What is required
Below are entries to be transcribed exactly; exclude the pictures from the copy.

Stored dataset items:

──────────────────────────────

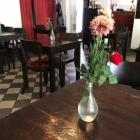 Am Platz stand jeweils eine Vase mit leicht ermüdeten Schnittblumen.
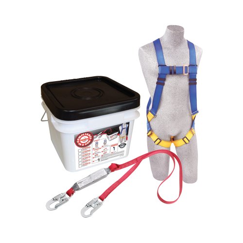 -. Feature : Full body harness and shock absorbing lanyard in handy container / Lightweight 5 point adjustment full body harness / Shock absorber limits arresting forces to 900-Pound / Snap hooks are ANSI Z359.1 compliant hooks. 3,600-Pound strength gates / Meets or exceeds all applicable OSHA and ANSI standards
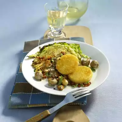 Clean savoy cabbage, cut out stalk. Cut cabbage into thin slices. Heat 3 tablespoons of oil in a frying pan and fry the savoy cabbage in portions for about 4 minutes while turning. Take out the savoy cabbage and in the same pan crisp out the bacon, add the mushrooms and fry for about 3 minutes. Deglaze with cream and stock, bring to the boil and put the savoy cabbage back into the pan. Season to taste with salt, pepper, nutmeg and marjoram, leave some to garnish. Remove the dumplings from the water, rinse with cold water and carefully remove from the cooking bags. Cut dumplings into 3 slices each. Heat 2 tablespoons of oil in portions in a large pan and fry the dumpling slices one by one for about 4 minutes each.
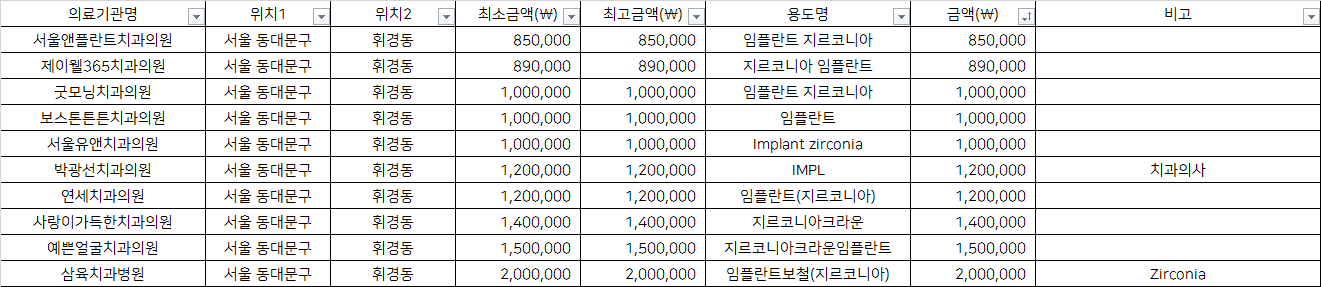 건강보험심사평가원 비급여 진료비용 정보 중, 서울 동대문구 휘경동의 치과임플란트 1치당 지르코니아 가격을 기준으로 알려드립니다.
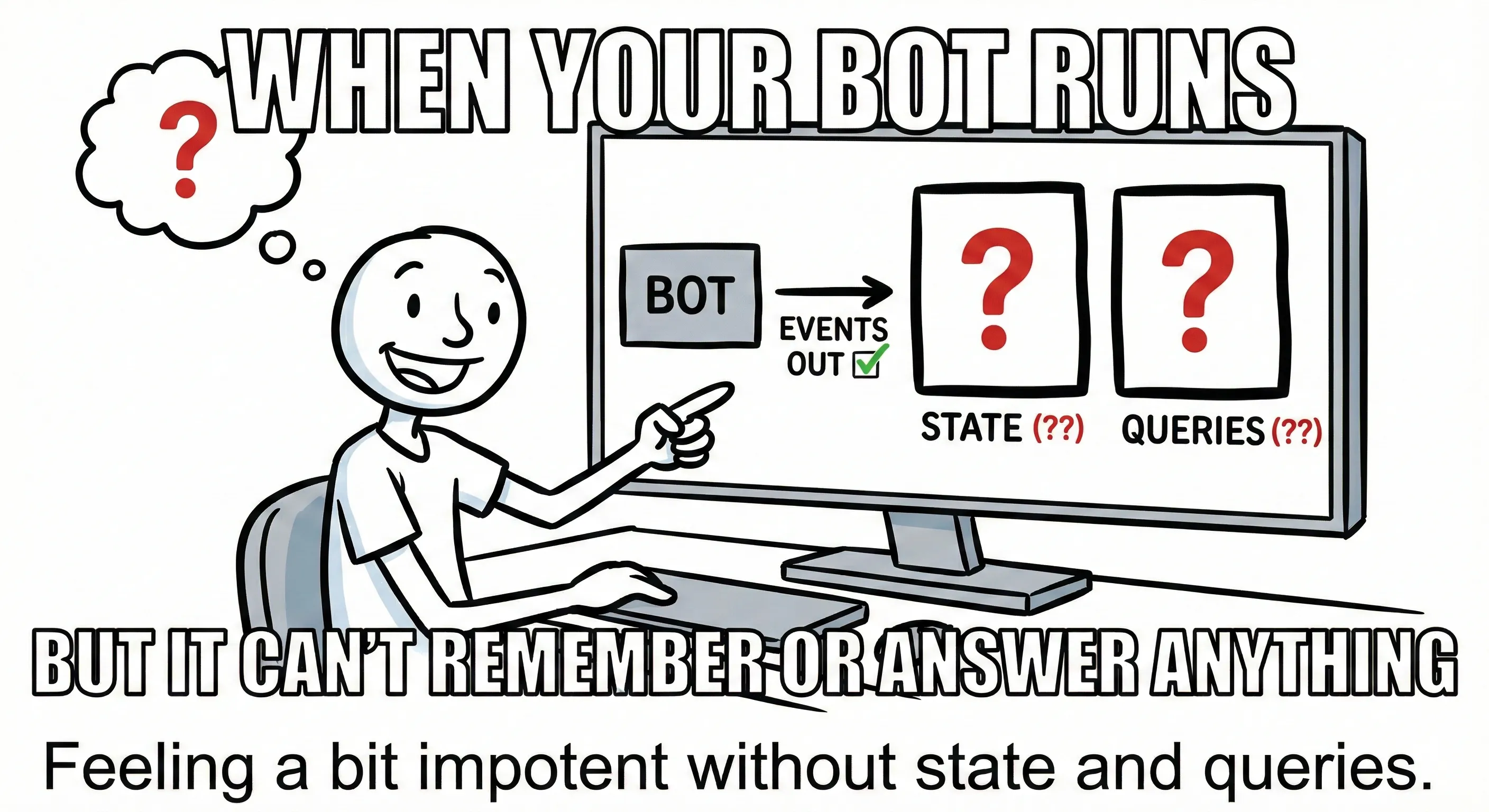 - Every bot has different domain logic. How do we provide a flexible framework that lets developers define their own state structures and query endpoints?

──────────────────────────────

Answer to the exercise
 Am Platz stand jeweils eine Vase mit leicht ermüdeten Schnittblumen.
 -. Feature : Full body harness and shock absorbing lanyard in handy container / Lightweight 5 point adjustment full body harness / Shock absorber limits arresting forces to 900-Pound / Snap hooks are ANSI Z359.1 compliant hooks. 3,600-Pound strength gates / Meets or exceeds all applicable OSHA and ANSI standards
 Clean savoy cabbage, cut out stalk. Cut cabbage into thin slices. Heat 3 tablespoons of oil in a frying pan and fry the savoy cabbage in portions for about 4 minutes while turning. Take out the savoy cabbage and in the same pan crisp out the bacon, add the mushrooms and fry for about 3 minutes. Deglaze with cream and stock, bring to the boil and put the savoy cabbage back into the pan. Season to taste with salt, pepper, nutmeg and marjoram, leave some to garnish. Remove the dumplings from the water, rinse with cold water and carefully remove from the cooking bags. Cut dumplings into 3 slices each. Heat 2 tablespoons of oil in portions in a large pan and fry the dumpling slices one by one for about 4 minutes each.
 건강보험심사평가원 비급여 진료비용 정보 중, 서울 동대문구 휘경동의 치과임플란트 1치당 지르코니아 가격을 기준으로 알려드립니다.
 - Every bot has different domain logic. How do we provide a flexible framework that lets developers define their own state structures and query endpoints?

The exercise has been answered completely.